Deadline reports that the film features two main characters: Armstrong, and the cyclist's former teammate Tyler Hamilton, who made one of the doping accusations against the champion. As someone with close ties to Armstrong, his accusations were more powerful than others had been in the past.

Cooper is reportedly looking at both roles, so he could end up playing Hamilton. That seems like more appropriate casting. While Cooper is a good bit better looking than Hamilton, he's really not the right physical model for Armstrong.

Warner Bros. wants this one to happen, and so the film could be the first of the Armstrong pics out of the gate. But Working Title, director Stephen Frears and screenwriter John Hodge also have an Armstrong film, with Ben Foster linked to star, and Paramount and Bad Robot have their own take on the story through an option on the book Cycle Of Lies: The Fall Of Lance Armstrong.

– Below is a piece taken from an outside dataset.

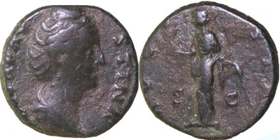 TCRIB-249, FAUSTINA, AE 9.69 gm 24 mm DUPONDUS, C-141 AD. Obv: DIVA FAUSTINA, BUST RIGHT. Rev: AVGUSTA SC, Ceres standing left holding corn ears in the left hand and a short torch in right hand. C-89, RIC-1171. gF

Warner Bros. definitely likes Cooper in the wake of the Hangover films and the critical and financial success of Silver Linings Playbook. (Which wasn't a Warner film, but a good indicator of audience response to Cooper post-Hangover.) He's in David O. Russell's next film, American Hustle, also from Atlas Entertainment, and he and WB have been developing the film American Sniper. Despite the recent departure of director Steven Spielberg, that one is still likely to get made at some point in the future.